Make no mistake, I admire and support him, but it rankles me a little that he gains your support when others of more familiar faith do not. There are a lot of good Christian, Jewish, Muslim, etc. people fighting to take back their religions from the fanatics, but I consistently see people willing to throw the baby out with the bathwater because someone in a church calls them ugly names.

I've talked too long, but I just needed to say this.

July 17, 2007 11:19 AM  
Anonymous lynette said...

David, I wasn't thinking of the religious part of this, only that $5 billion is a lot of $$ to turn down and it doesn't seem inconceivable that for a piece of land that's obviously profitable, it seems possible/probable that he'll end up dead. I like the fact that he's not money-motivated and is content to simply meet his basic needs. I didn't actually think about his religion and how that played into this. Maybe I need to read it again :-)
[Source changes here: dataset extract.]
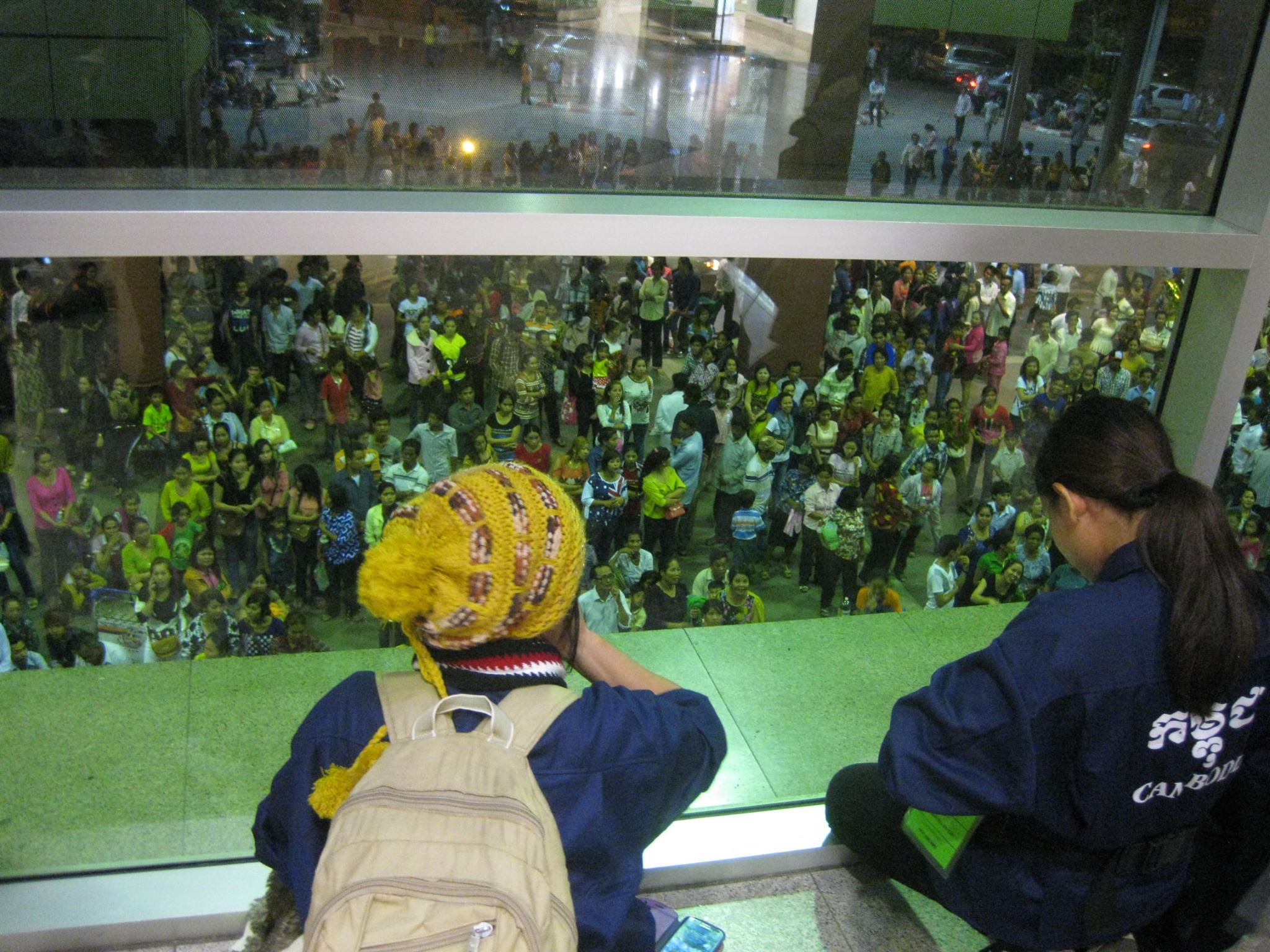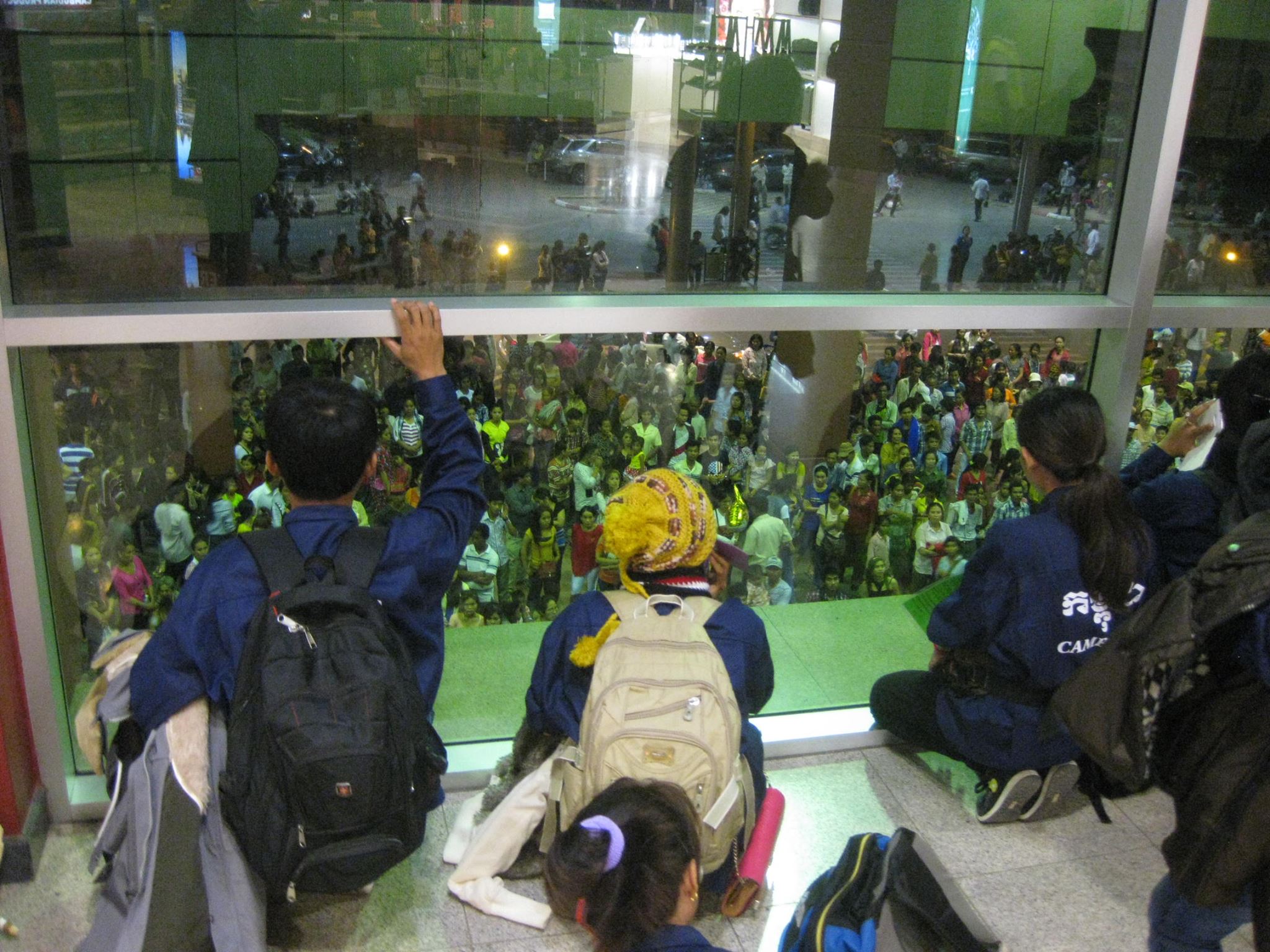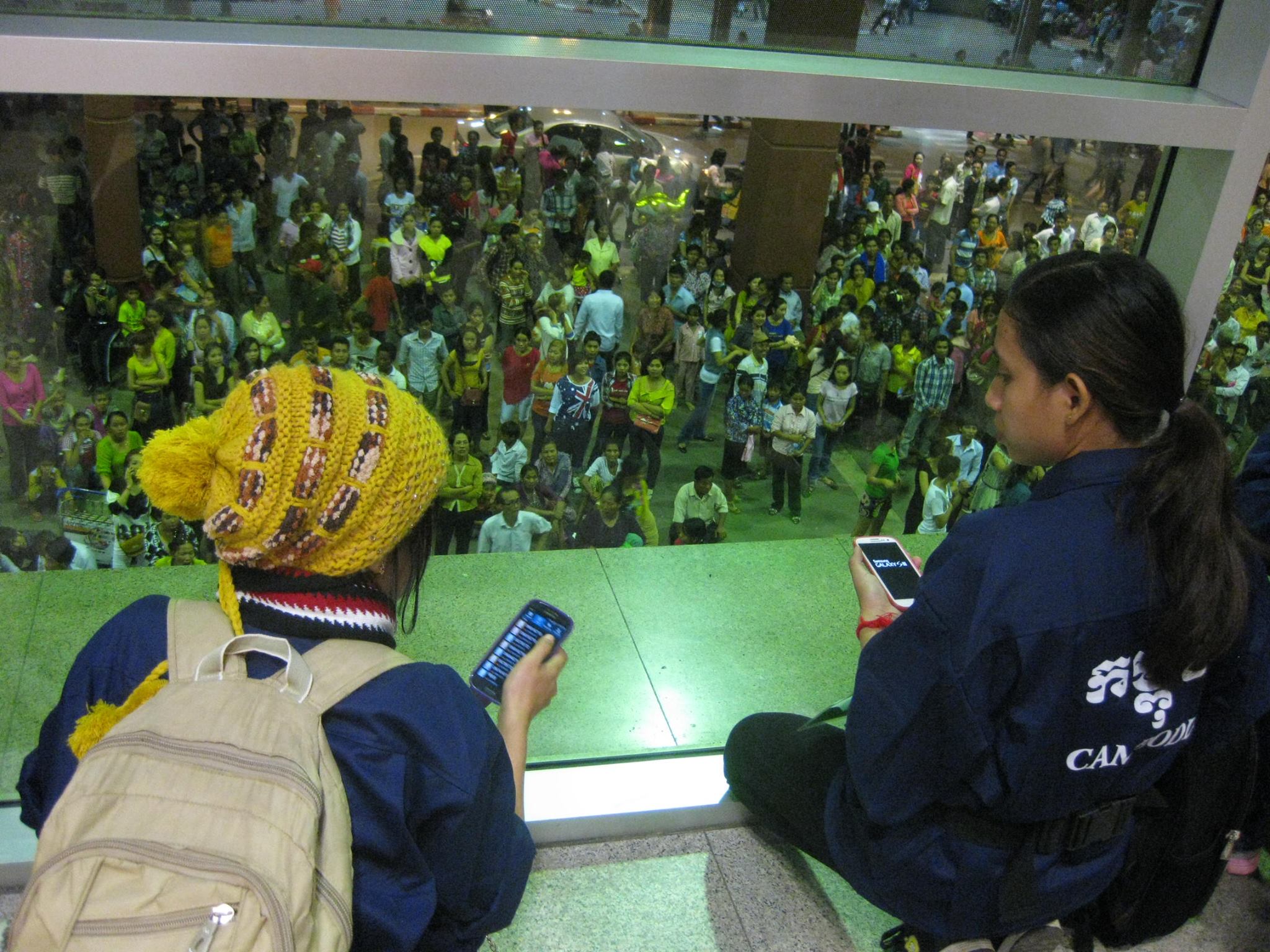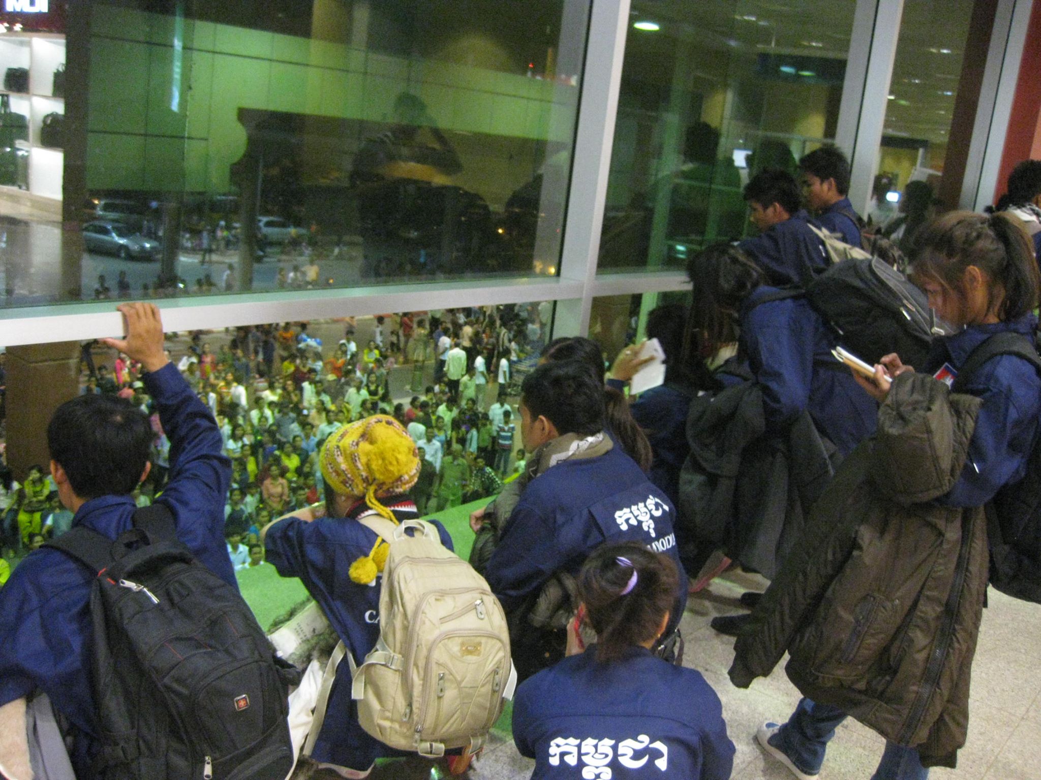 3월 30일 시하누크빌에서 프놈펜공항으로 가서 체크인을 하고 공항 면세점에 들어가니 많은 캄보디아 사람들이 취업을 하여 한국을 가려고 비행기를 기다리는 동안 이제 마지막으로 마중나온 부모 친지와 핸드폰으로 전화를 한다. 유리창을 보면서 우는 사람도 있고 표정들이 다 심각하다. 이제 가면 몇 년 있어야 만나게 되니 모두들 핸드폰을 하면서 또 유리창을 통하여 보이는 그 사랑하는 사람들의 얼굴들을 눈물을 글썽이며 쳐다보면서 하염없이 통화를 하고 있다. 그 장면들이 너무나 보기 애처로워 사진을 찍어두었다. 나중에 세월호사건이 나고 이 사진을 보고 나는 너무 깜짝 놀랐다. 공항 밖에서 그 많은 사람들이 지척지간이지만 들어가 볼 수 없는, 타국처럼 간주되는, 그 면세점에 있는 아이들을 유리창을 통해서만 얼굴을 희미하게 보고 손을 흔들며, 사랑한다고 말해주어도, 몸조심하고 잘 지내라고 고함을 질러도, 그 공항 유리창은 목소리를 하나도 안으로 들여보내지 않는다. 이 장면이 나중에... .

As you may or may not be aware, I am a Christian. I don't often say so these days because the taint of the Far Right Christian Wingnuts (as opposed to the simple Wingnut Right which uses the FRCW to its benefit) has reached everyone of faith and I think that's a terrible, terrible shame. Although the practice of my faith is more founded in the spiritual principles of AA, if you pin me to the wall, I'm a Missouri Synod Lutheran girl to the bone. Aside from the fact that they hate people based on biology or sexual behavior, I am most angry with the FRCWs because of the widespread perception that all people of faith are wild-eyed crazies who wish to deprive people of their human rights.
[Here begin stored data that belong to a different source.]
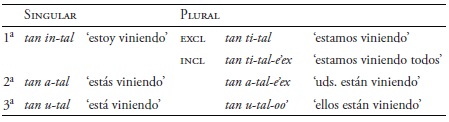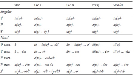 En todas las lenguas yucatecanas, los marcadores de persona (pronombres dependientes) aparecen con sustantivos, verbos y adjetivos en dos conjuntos: el A (prefijos) y B (sufijos). El conjunto A se refiere al caso del ergativo y el conjunto B al absolutivo. Los marcadores de A se muestran en la tabla 6 (cf. Hofling 2006b).3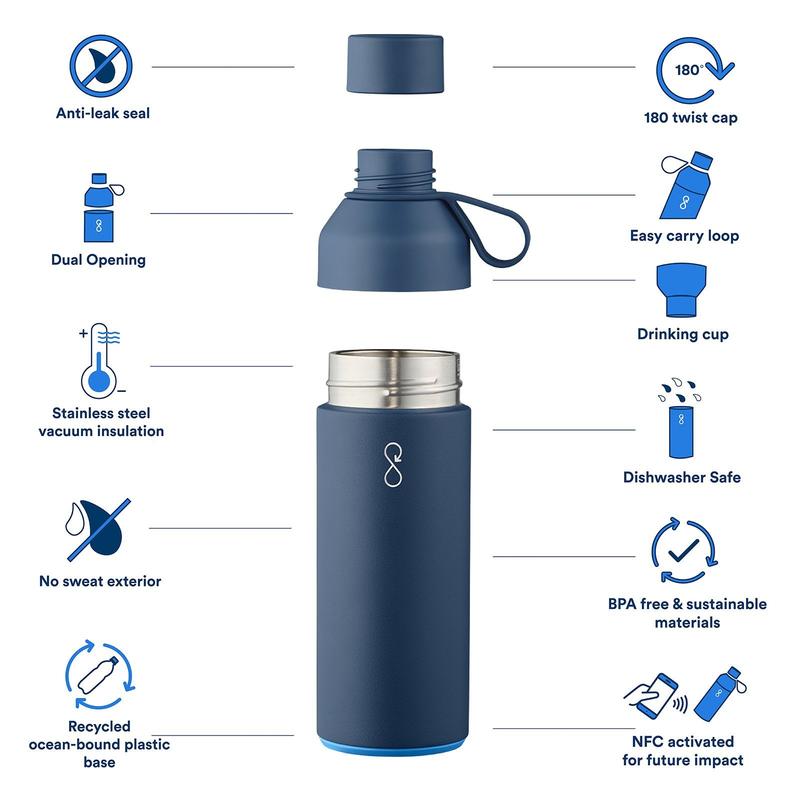 - About the Ocean Bottle – 500ml, dishwasher safe, 10-year warranty, 100% recycled & recyclable packaging.
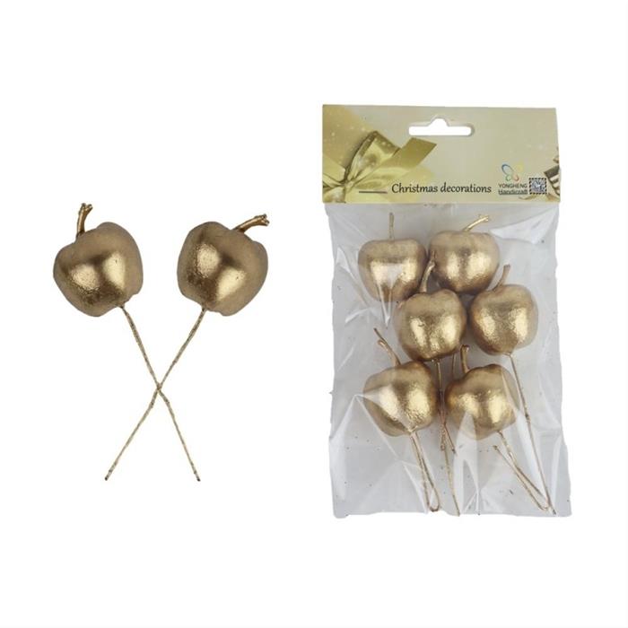 Jablko umělé na drátku zlaté 6ks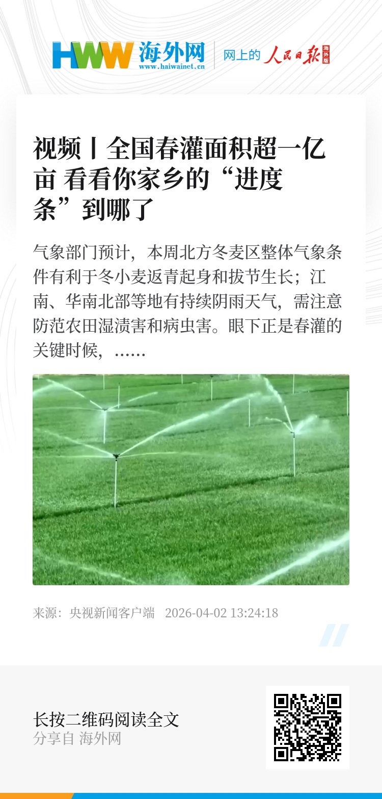 气象部门预计,本周北方冬麦区整体气象条件有利于冬小麦返青起身和拔节生长;江南、华南北部等地有持续阴雨天气,需注意防范农田湿渍害和病虫害。眼下正是春灌的关键时候,水利部最新消息显示,全国已有超过一亿亩农田完成了春灌,各地都在全力保障春灌用水。
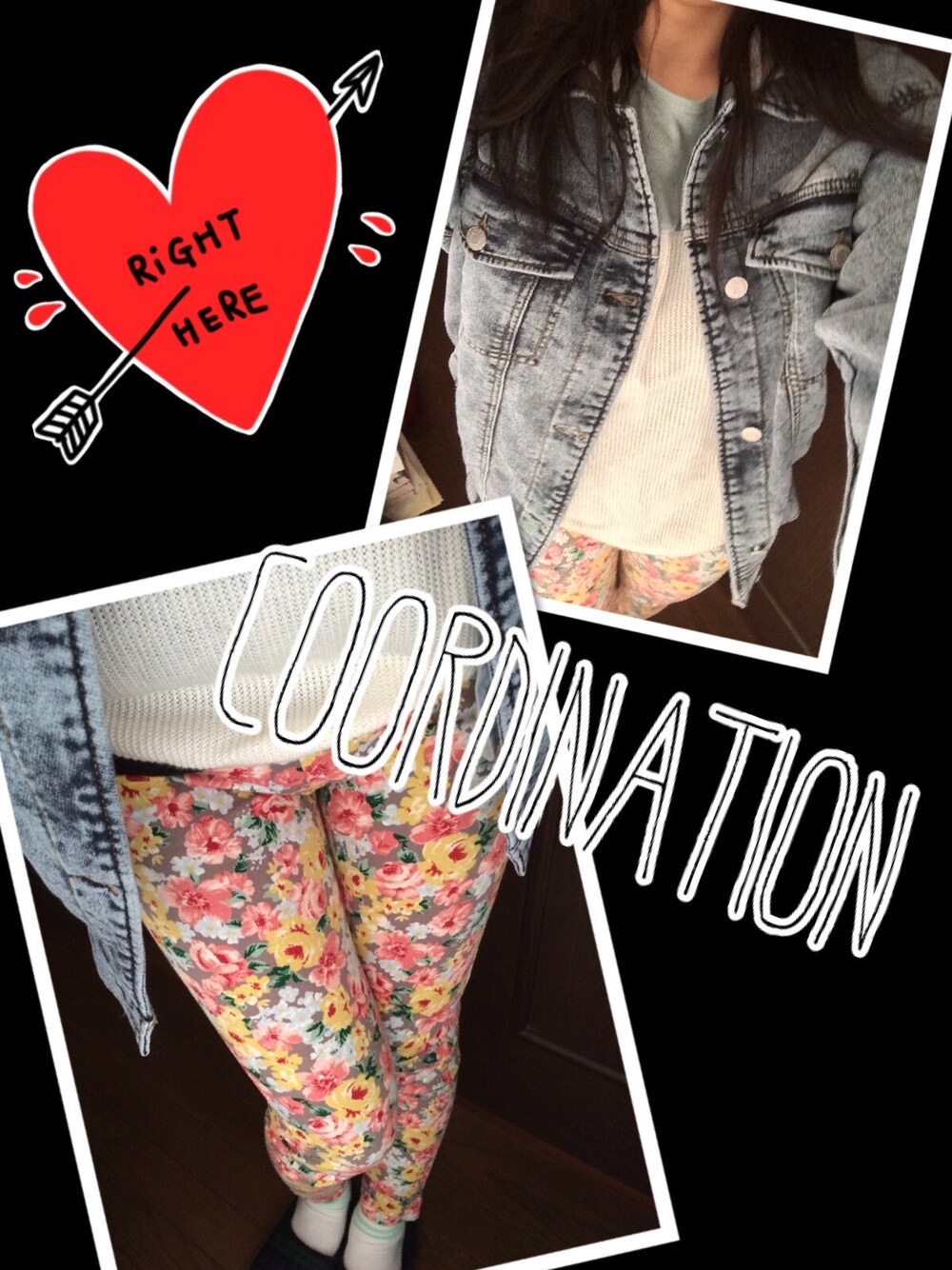 春らしい格好にしてみました〜 花柄のスキニーです Gジャンと靴下はスピンズです! そろそろ上着も要らなくなるかな。。?

I support anyone's right to oppose religion if that's their deal. I know there are folks on JMG, who visit you, who visit here and elsewhere who are atheists. Because I can accept everyone, no matter where they are (except those who use religion as a cudgel to assault human rights), I assume everyone else is too and get a little uncomfortable when there's no distinction drawn between people who truly practice their faith and those who use it as a tool to bully others. It bothers me quite a lot that there's an entrenched opposition to all religion on the left, as if one cannot be progressive and also have faith. That bothers me a lot and I run into it everywhere. Maybe I need to be more open about my own beliefs because I'm a pretty hard core lefty. So thanks for the food for thought. I am certainly sorry if I've ever offended you directly. I know your faith is important to you, and respect that very much.

July 17, 2007 11:33 AM  
Anonymous tater said...

I was looking at this from an environmental basis, and the fact that greed was not the basis for this man's decision making. I think religious fanaticism has taken us down many horrid and violent roads, that being said, I came back to my faith the same way Lynette did, through recovery and AA. I do not hate on Jews, Christians, or Muslims because of their faith, or because they, like the man in the story, fight to preserve an area of land which holds religious significance to them. I do get angry when people use their religion as a means to deny me and others of basic human rights, or when the line between church and state is crossed and political agendas are pushed from the pulpit. That being said, I think there is a lot of room for criticism in this day and age, whether or not you are a person of faith. I don't quite see the need to twist this into a question of hypocrisy, when there are many other reasons to see this story as uplifting.

July 17, 2007 2:39 PM  
Blogger Flabuless said...

I am an aussie chick...currently living in NZ but people like him are rare indeed...especially aboriginals...a lot of them are out for all they can get and the bottom line is always the kudos to this inspiring man...he knows whats important.